Читаем Дневники Льва Толстого полностью

24, 25 Июня [1879]. Ночи с ветром, дождь. На утро рывом дует. Овес треплется, как бешеный, как цыганка плечами. Меж дворов и овинов сплошная крапивно зеленая река конопель. Посредине плывет бабочка в аленьком платочке и низких наплечиках. Должно там дорожка. Пахнет зерном (48, 319).

Природа или сливается с женщиной, которая плывет по морю, потому что высокая конопля колышется под ветром, или сама под ветром экстатическая цыганка. Человеческое свое через запах проникает в колосья, оседает там, способно растаять в природе.

В припадочку пью у Потапк[ина] болота в ключе. Не видать воды, только на днище кипит из дыры в орех, поднимает и кружит крупинки земли, зерен, соломы (11.7.1879 // 48: 320).

Мы читали о Гомере, который у Толстого как такой ключ, с сором, от этого еще свежее. Как природа, так поэзия близкая к народной чиста. Губительство происходит в умном классе, особенно в самом интеллектуальном, подвижном и критичном, в громкой, прежде всего бросающейся в глаза каждодневной публицистике.

Уже давно эта мысль приходит мне: написать обзор одного номера [газеты] с определением значения каждой статьи. Это б[ыло] б[ы] нечто ужасающее. Прошел пас[с]ажем — страшно, как посещение сифилит[ической] больницы (24.11.1888 // 50: 4).

Там прогулки по земле, как прощание с раем, тут проходки по городской газете, как встреча с заразным адом.

…В народе — дела веры, но незнание. Где знание, там безделие. Что такое? (Записная книжка № 10, 30.10. 1880 // 48: 327).
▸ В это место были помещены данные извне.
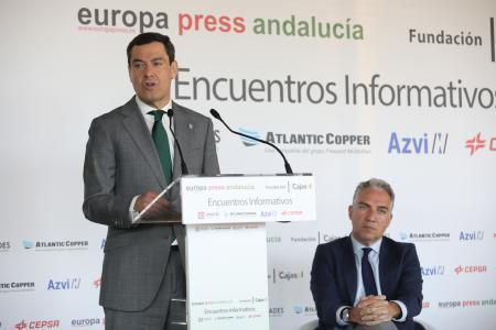 Son ideas que Juanma Moreno ha venido a trasladar durante su intervención en la presentación del coordinador general del PP, Elías Bendodo, en un encuentro informativo organizado por Europa Press Andalucía en colaboración con Fundación Cajasol y con el patrocinio de Cepsa, Atlantic Copper, Azvi y Grupo Abades en Sevilla.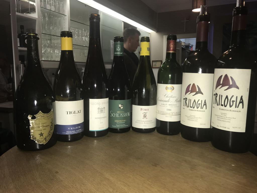 Wir starteten mit einem wohl perfekt gelagerten 1990 Dom Perignon in Bestform. Der startete undekantiert (unser Fehler) schlank, sehr frisch und mineralisch, legte aber enorm zu und gewann an Komplexität und Tiefgang, ein perfekt balancierter Champagner Traum – WT95. Kräftig mit feinem Schmelz, guter Säure und Struktur der 2013 Velich Tiglat Chardonnay – WT93. Rassig mit präziser Frucht der immer noch so frische 2010 Nonnenberg von Breuer, den ich aus anderen Flaschen auch schon reifer getrunken habe – WT94. Immer noch ganz am Anfang, aber mit großer Zukunft der 2015 Schlossberg Chardonnay GG von Bernhard Huber, reduktiv mit noch dezentem Sponti, feine Zitrusfrucht sehr präzise mit eher schlanken Konturen, kalkige Mineralität – WT95. Floral, burgundisch der 2014 Centgrafenberg Weisser Burgunder von Fürst – WT90. Ziemlich langweilig zeigte sich der für den Jahrgang schon verdammt reife 1986 Sociando Mallet – WT85. Dank vieler Mittrinker wurde die Flasche dann doch noch leer, aber Begeisterung stellte sich nicht ein. Die kam dann bei Christos Kokkalis geilem 1999 und 2004 Trilogia aus der Magnum. Franz Josef Schorn hatte damals die Weine seines Freundes Christos in Deutschland eingeführt und populär gemacht. Die waren früh trinkbar mit fantastischem Preis-/Leistungsverhältnis, altern aber hervorragend. Dieser 1999 aus der Magnum ist noch so frisch mit verschwenderischer Frucht und einfach ober-sexy – WT95. Auch der etwas kräftige 2004er hat deutlich zugelegt – WT94.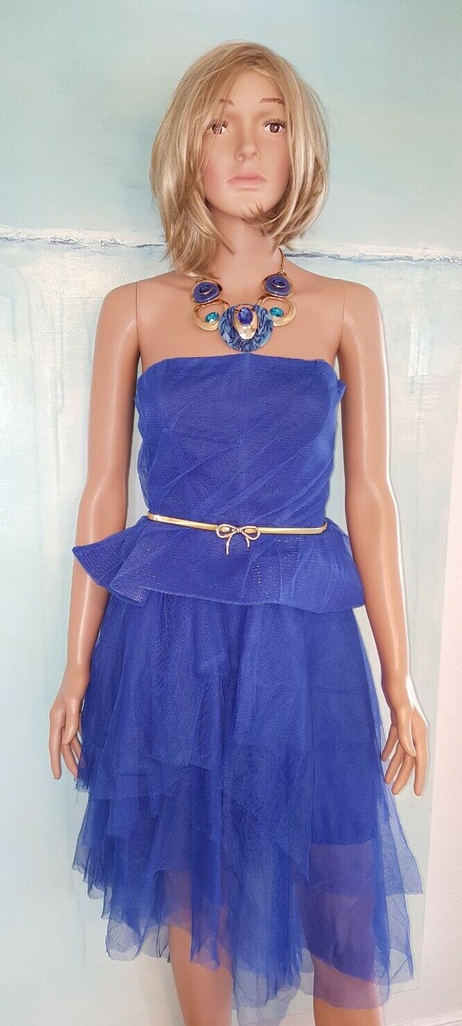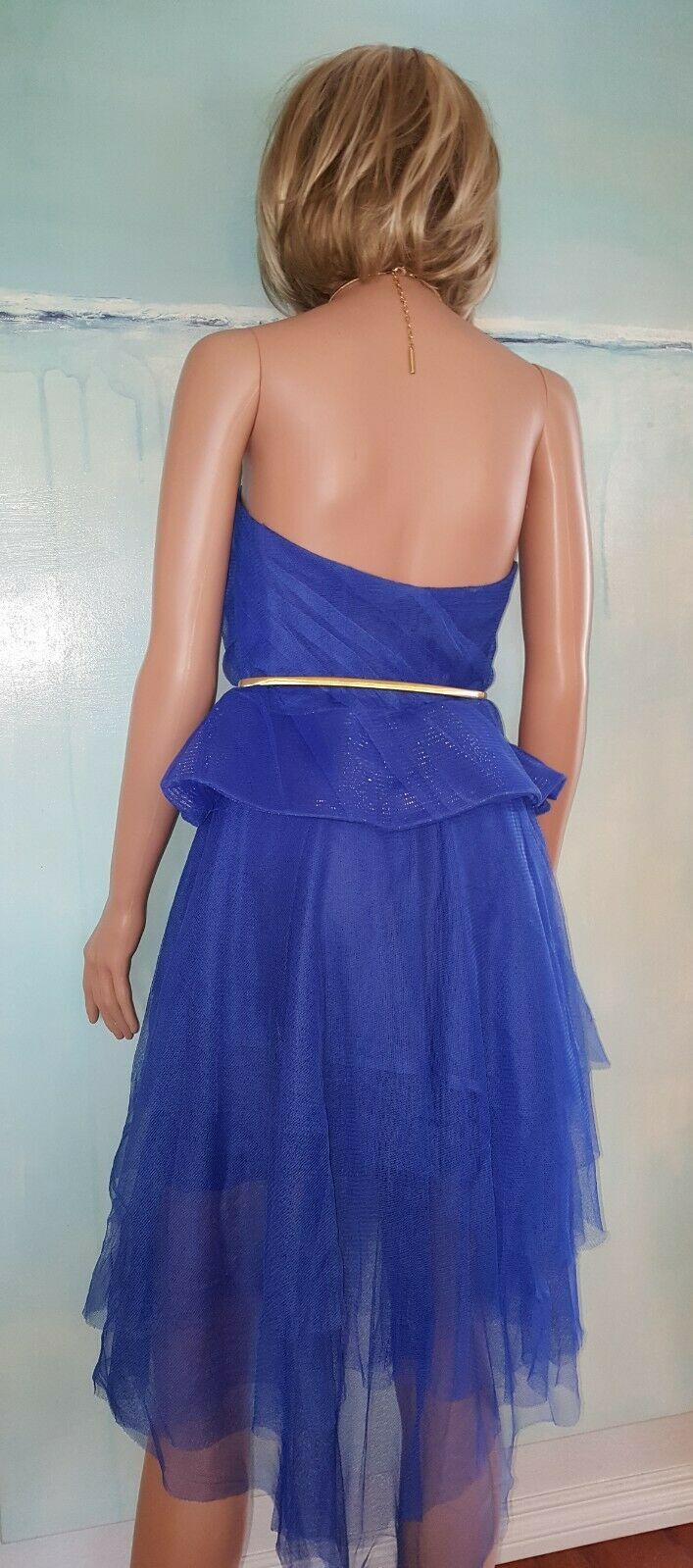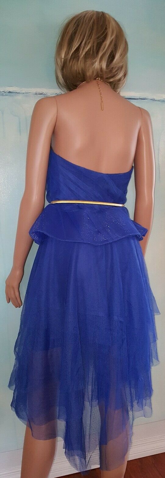 $3,000 MONIQUE LHUILLIER STUNNING BLUE SILK TULLE PEPLUM RUNWAY DRESS GOWN US 4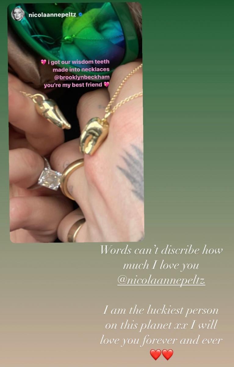 Бруклин Бекъм и Никола Пелц се сгодиха през юли 2020 г., но временно отложиха сватбата, заради ограниченията покрай пандемията.

Безделие звучит уже не безобидно, как зло. А ведь опять же в историческом романе Сперанский был всё-таки еще только что неприятен и ненужен, как и Наполеон вовсе не разносчик зла! Газетчики, ужасающие, наверное даже антиклерикалы — но окрашены тем же цветрм зла, что церковные угнетатели сознания.

Только в самой середине властного расписания, в Евангелии Толстой читает свое, против всего что ему ненавистно. Случайно только Толстой не выкинул этого ребенка вместе со всей грязной водой.
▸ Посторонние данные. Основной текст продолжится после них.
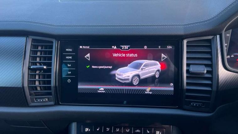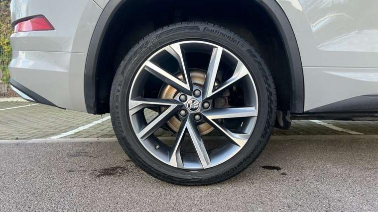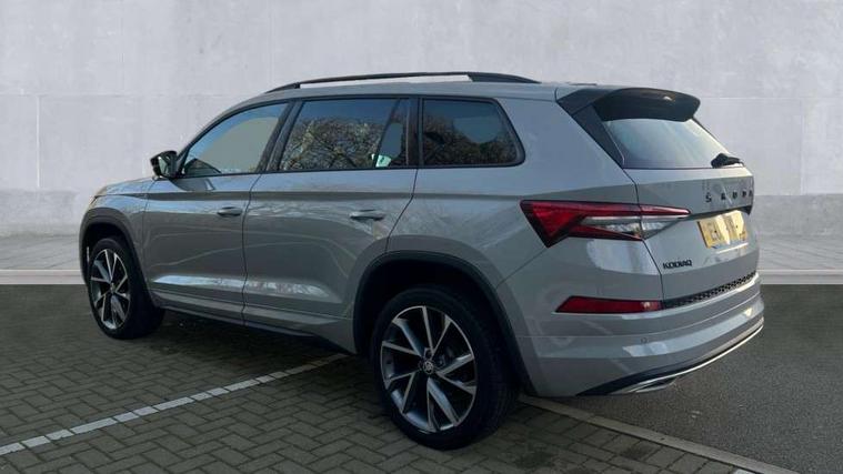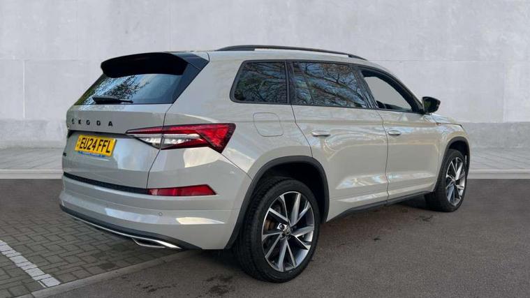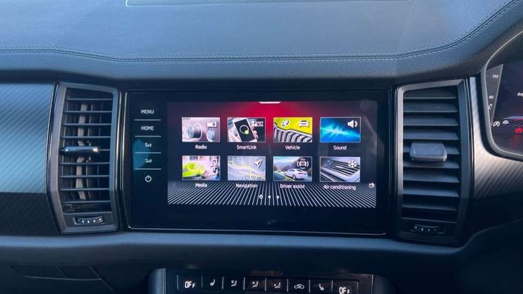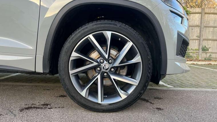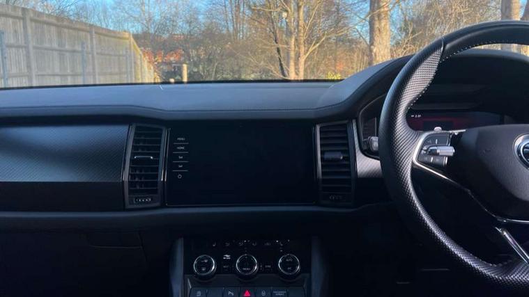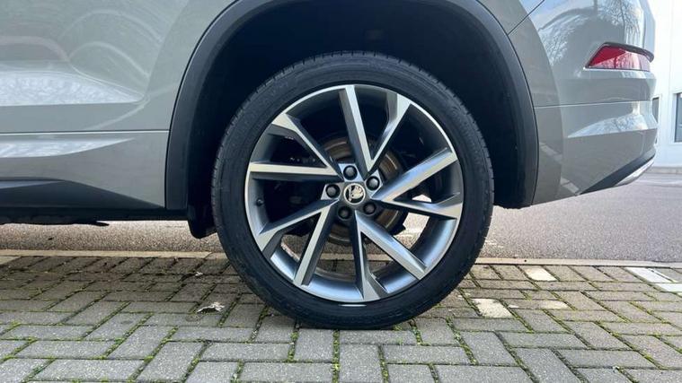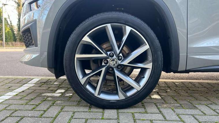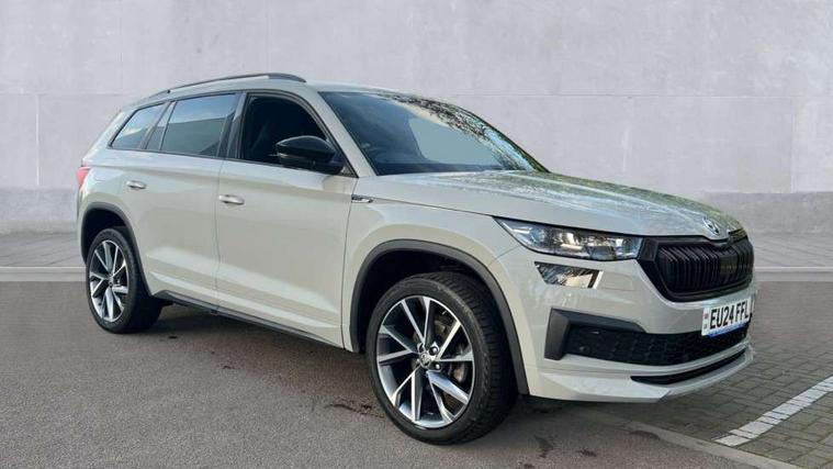 Bluetooth system, Columbus satellite navigation with 9.2" touchscreen, integrated Wi-Fi, web radio, Digital voice enhancement, e call+, ECO Stop/start function, Exterior temperature indicator, Progressive steering, Rear view camera, Smartlink wireless for apple carplay and wired for android auto, Speed limiter, Tailgate unlocking from outside, USB C Port x 2 in front centre console, Virtual Cockpit - 10.25" digital display with additional sports design, Wireless charging, 8 Speakers, DAB Digital radio, Aero front windscreen wipers with intermittent function, Aero rear window wiper, Auto dimming rear view mirror, Black roof rails, Black sports styling including front grille and window surrounds, Black wheel arch surrounds, Body colour bumpers, Body colour door handles, Electric adjustable/heated/folding door mirrors, driver side auto dimming with boarding sports and memory function, Electric front and rear windows, Extended rear spoiler with finlets in gloss black, Front fog lights, Full LED matrix headlights with AFS (adaptive front light system), cornering function and AWL (all weather lighting system), Gloss black door mirrors, Headlight washers, Heated rear window, Invisible tailpipe, LED daytime running lights, LED rear fog light, LED third brake light in rear spoiler, Light assistant (coming/leaving home/tunnel light), Off-road style lower front bumper element, Privacy glass, Rain and light sensors, Rear diffuser, Rear LED lights (high functionality) with welcome effect and dynamic indicators, Rear side wing doors, Safety reflectors on front and rear doors, Sportline badge on front fender, Sports front and rear bumpers including lower rear chrome strip, Tailgate lettering in Black, Window control switches with black trim, 12V socket in boot, 2 rails with 2 hooks, 2 seat bench in 3rd row, 3 seat bench in 2nd row, 3 spoke leather multifunction sports steering wheel with DSG paddles, 4 foldable roof handles with rear coat hooks, 60:40 foldable rear seat with sliding adjustment and backrest angle adjustment, Aluminium pedals, Black roof headlining, Bottle holders in door panel in the 1.5 litre front and 1 litre rear, Cargo storage compartments, Chrome headlight control button, Chrome interior door handles, Coat hooks on B pillar, Covered storage compartment on driver side, Decorative door sill covers, Front and rear door armrest with black adductor trim, Front centre armrest with storage compartment, cup holder and 12V socket, Front courtesy lights, Gear shift lever with chrome frame and black gloss insert, Grey stitching in front and rear armrests and door armrests + door inserts, Height adjustable front headrests, Illuminated glovebox, Illuminated luggage compartment, Isofix child seat fittings in outer rear seats with top tether, Manually adjustable steering column, Microsuede door panels, Net programme in boot (1x horizontal Net, 2x vertical Nets), Overhead glasses storage compartment, Pollen filter, Rear centre armrest with cupholders, Single front passenger seat, Sliding trunk cover, Small Bags on the inner sides of the front backrests, Sports seats, Sunvisors with illuminated vanity mirrors, Three rear height adjustable headrests, Ticket holder on A Pillar, Umbrella in door panel, Variable boot floor, LED Interior light pack - Kodiaq, Auto door release and activation of warning lights in the event of an accident, Driver and front passenger airbag with knee airbag and front passenger airbag deactivation, Electronic parking brake with hill start assist, Emergency rear braking signal, ESC (incl. ABS+MSR+ASR+EDS+HBA+DSR+RBS+MKB), Front assist with autonomous emergency braking, Front side airbags with curtain airbags, Fuel cut off safety device, Height adjustable front 3 point seatbelts + pretensioners, Hill hold control, Rear disc brakes, Safety vest holder in door, Seat belt reminder for all seats, Three point rear seat belts, Two tone horn, Tyre pressure monitor, Alarm with interior monitoring and tilt sensor with safe function, Anti-theft wheel bolts, Immobiliser, Keyless entry and start system (KESSY), Remote central locking with 2 keys, Black air vent surround, Carbon finish dashboard and door inserts, Grey stitching in dashboard, 20" Vega Anthracite alloy wheels, Temporary spare wheel (space saver),

Я решил — всё ложь, но разум учения и народ остановили. Что же это такое — христ[ианство] попов? Стал читать катихизис. Не буду поправлять их, как всё б[ыло] сначала. А возьму с конца. Есть цер[ковь] делающих, и дойду, помуч[аюсь] до источника (там же // 48: 328).
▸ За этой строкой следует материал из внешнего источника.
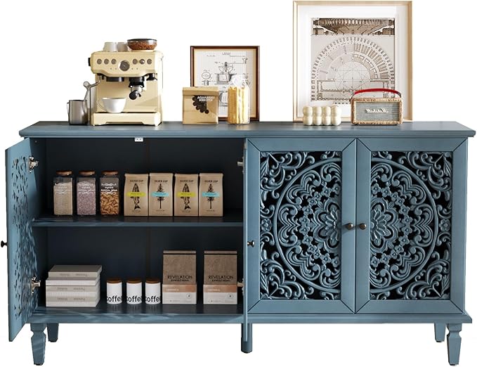 Retro 60'' Large Storage Cabinet Sideboard with 4 Hollow-Carved Doors and Adjustable Shelves, Acacia Wood Vintage Entryway Console Table TV Stand for Living Room Dining Room (Antique Blue-LK)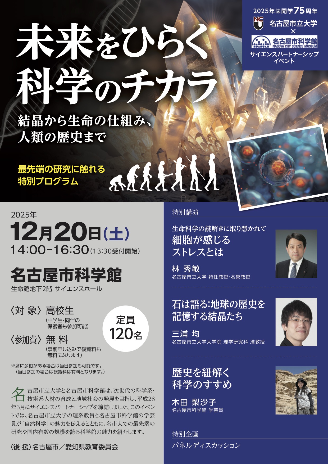 12月20日(土)に、中高生を対象とした名古屋市立大学と名古屋市科学館のサイエンスパートナーシップイベント(講演会)を開催します。

Вдруг он догадался о разнице между Словом и толкованием. В ней всё зло. Не надо было начинать толкование. Толстой демонстративно отказывается от различения между Писанием и преданием. Исходную истину Писания и евангельских рассказов, вплоть до тех, которые сам слышит — уж заведомо «апокрифические» — от народа, он называет преданием, всё остальное богословие в хорошем случае толкованием, но обычно хуже чем недоразумением.

Кому какую пользу сделало толкование священ[ного] предания? Открыло оно сердца людей? Нет. Нищие духом спасаются и творят дела без толкования. А сделало ли вред? Неисчислимый. Соблазны. Распри. Злоба. Убийства.

Да и где велено толковать? Нигде. Везде указано быть, как дети. И то, что скрыто от мудрых, открыто детям и нищим духом.

Что же сделали? Растрепали учение по клочкам и на каждое слово наложили свой смысл глупый, гнусный (блаженства), противный Христу. Вот заграждающие вход и сами не входящие (Записная книжка № 10, после 30.10.1880 // 48: 328).

<Предварительные записи к следующей лекции>


Природа книга. Разное письмо в природе и словесности?